The Axon Framework provides first-class support for both Choreography-Based Sagas and Orchestration-based Sagas. Choreography-based sagas are achieved through regular Event Handlers provided by the Axon Framework. The Axon Framework provides a comprehensive implementation to support Orchestration-based Sagas.

This includes the following:

• Lifecycle Management (Start/End Sagas via corresponding annotations, Saga Managers)

• Event Handling (via @SagaEventHandler annotation)

• Saga state storage with support for multiple implementations (JDBC, Mongo, etc.)

• Association Management across multiple services

• Deadline Handling.

Axon Dispatch Model Components

Command Bus:

Commands which are sent to the Bounded Context need to be processed by Command Handlers. The Command Bus/Command Gateway helps in dispatching Commands to their corresponding Command Handlers for processing.

To expand

  • CommandBus – An Axon infrastructure component that routes the Command to the corresponding CommandHandler.
  • CommandGateway – An Axon infrastructure utility component that is a wrapper around the CommandBus. Utilizing the CommandBus requires us to create repeatable code for every command dispatching (e.g., CommandMessage creation, CommandCallback routines). Using the CommandGateway helps in eliminating a lot of the boilerplate code.

Axon provides multiple implementations of the CommandBus:

• SimpleCommandBus

• AxonServerCommandBus

• AsynchronousCommandBus

• DisruptorCommmandBus

• DistributedCommandBus

• RecordingCommandBus

Query Bus:

Queries that are sent to the Bounded Context need to be processed by Query Handlers. The Query Bus/Query Gateway helps in dispatching Queries to their corresponding Query Handlers for processing:

• QueryBus – An Axon infrastructure component that routes the Query to the corresponding QueryHandler.

• QueryGateway – An Axon infrastructure utility component that is a wrapper around the QueryBus.
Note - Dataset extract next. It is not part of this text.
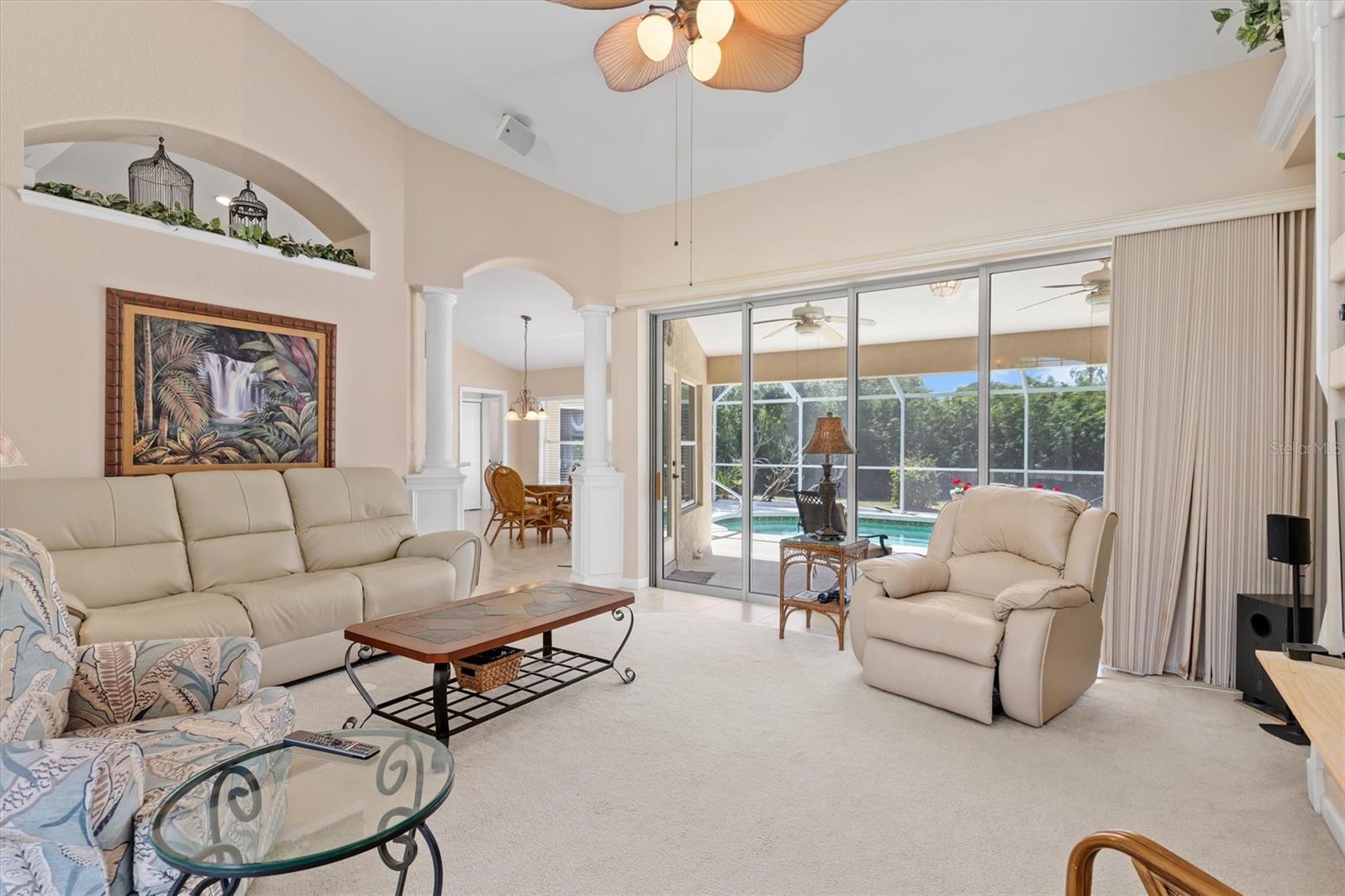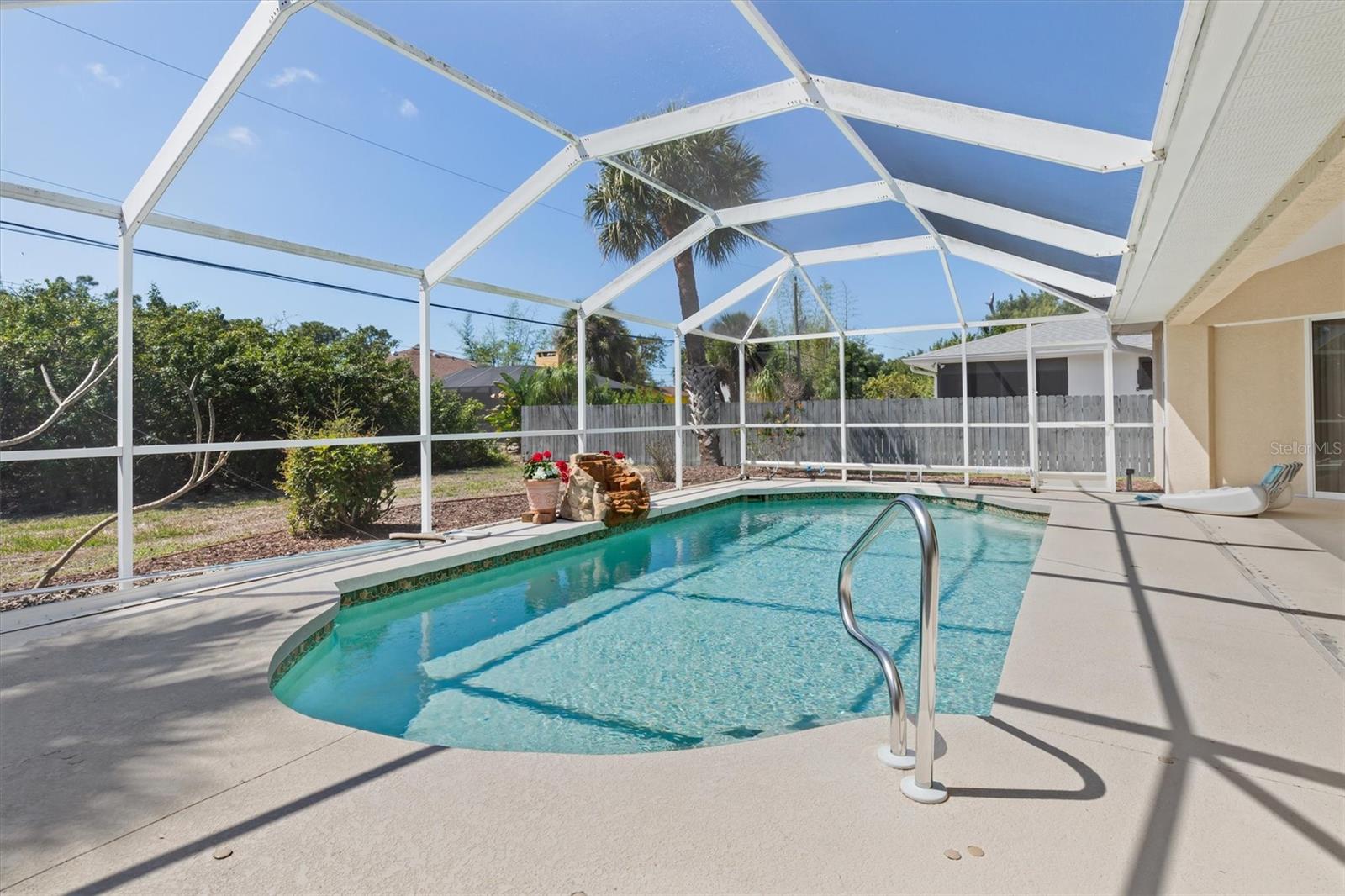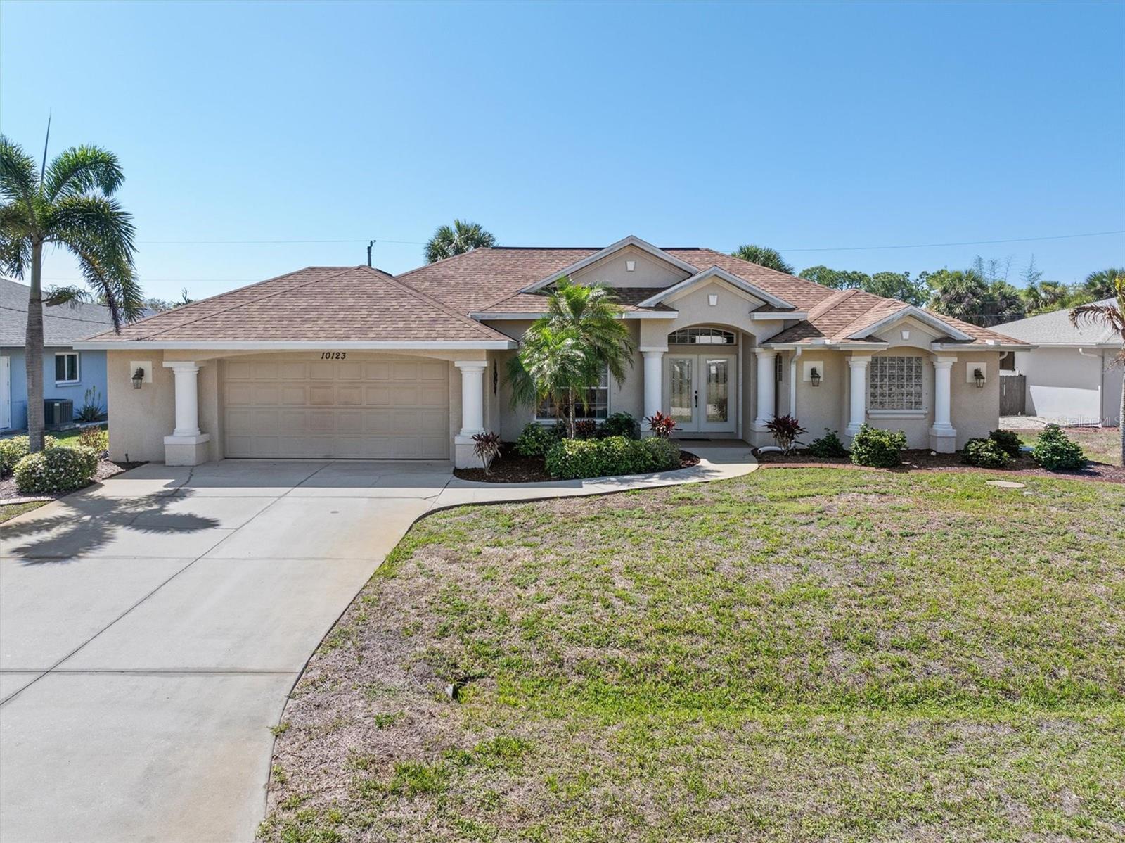 Beautiful, well-maintained, light and bright one-owner custom pool home offering over 2,020 sq ft of living space, an oversized 2-car garage, and a desirable split-bedroom floor plan. This home features high ceilings, crown molding, and built-ins throughout. As you walk through the double front doors, you’ll immediately see the screened-in heated pool with a waterfall. The pool area can be accessed from multiple areas of the home including the primary bedroom, guest suite, kitchen dinette, and hallway, which also provides quick access to the guest bathroom — perfect for entertaining and pool use. The primary suite is a dream at 22x11, featuring an ensuite bath with a water closet, dual sinks, soaking tub, and walk-in shower. The home also features an inside laundry room with a soaking tub for added convenience. Updates include roof replaced in 2021, newer appliances and AC replaced in 2024. The home also includes hurricane shutters throughout for added protection and peace of mind, and the property is not located in a flood zone. This lovely home truly shows pride of ownership and is a must see. No HOA and no deed restrictions, making it ideal as a primary residence or second home with plenty of room for entertaining. Conveniently located between the beautiful Gulf beaches of Englewood and Boca Grande, known as the Tarpon Fishing Capital of the World, with plenty of shopping, golf courses and restaurants nearby.

Utilizing the QueryGateway eliminates the boilerplate code.

Axon provides multiple implementations of the Query Bus:

• SimpleQueryBus

• AxonServerQueryBus

Event Bus:

Event Bus is the mechanism that receives events from Command Handlers and dispatches them to the corresponding Event Handlers which could be any other Bounded Context is interested in that event. Axon provides three implementations of the Event Bus:

• AxonServerEventStore

• EmbeddedEventStore

• SimpleEventBus


The Axon Framework provides a component SagaManager for this. Similarly, orchestration-based sagas require state storage to store and retrieve Saga instances. There are various storage implementations that the Axon Framework supports (JPA, In-Memory, JDBC, and Mongo, Axon Server). For our implementation, we will use the Saga storage provided by Axon Server itself. Axon applies sensible defaults here too and will automatically configure a Saga Manager and Axon Server as the state storage mechanism when we create a Saga.
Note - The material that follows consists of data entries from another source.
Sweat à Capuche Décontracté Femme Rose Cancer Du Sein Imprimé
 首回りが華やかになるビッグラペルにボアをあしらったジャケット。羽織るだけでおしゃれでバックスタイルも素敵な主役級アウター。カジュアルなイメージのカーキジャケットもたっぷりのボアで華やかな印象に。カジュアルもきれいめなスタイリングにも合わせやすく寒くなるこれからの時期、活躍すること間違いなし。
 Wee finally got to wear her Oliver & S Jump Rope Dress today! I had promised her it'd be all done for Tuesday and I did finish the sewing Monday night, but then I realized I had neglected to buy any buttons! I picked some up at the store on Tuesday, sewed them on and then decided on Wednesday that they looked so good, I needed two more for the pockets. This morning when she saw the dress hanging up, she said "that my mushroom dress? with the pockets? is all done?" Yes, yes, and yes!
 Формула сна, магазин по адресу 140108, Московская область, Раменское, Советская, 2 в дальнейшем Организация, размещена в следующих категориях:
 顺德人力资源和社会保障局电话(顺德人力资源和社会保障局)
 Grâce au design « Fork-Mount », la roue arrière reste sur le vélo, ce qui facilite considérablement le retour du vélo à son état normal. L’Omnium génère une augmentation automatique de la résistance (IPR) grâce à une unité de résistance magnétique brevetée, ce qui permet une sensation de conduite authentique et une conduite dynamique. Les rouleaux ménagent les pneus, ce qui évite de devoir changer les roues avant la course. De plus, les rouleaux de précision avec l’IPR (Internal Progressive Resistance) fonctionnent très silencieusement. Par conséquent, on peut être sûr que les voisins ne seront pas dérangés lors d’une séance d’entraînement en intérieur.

Axon Infrastructure Components: Axon Server:

Axon Server provides the physical infrastructure necessary to support the Dispatch Model. Broadly, Axon Server has two main components:

• An Event Store based on H2 (used for storage of configuration) and a file system (used for storage of event data)

• A Messaging Router for the Events flowing through the system Here is a quick summary of its features:

• Built-in Messaging Router with support for advanced messaging patterns (Sticky Command Routing, Message Throttling, QoS)

• Purpose-built Event Store with an inbuilt Database (H2)

• High Availability/Scalability Capabilities (Clustering)

• Security Controls

• UI Console

• Monitoring/Metrics Capabilities

• Data Management Capabilities (Backup, Tuning, Versioning)

Axon Server is built using Spring Boot and is distributed as a regular JAR file. It utilizes its own file-system-based storage engine as the event store database and is available for download at www.axoniq.io.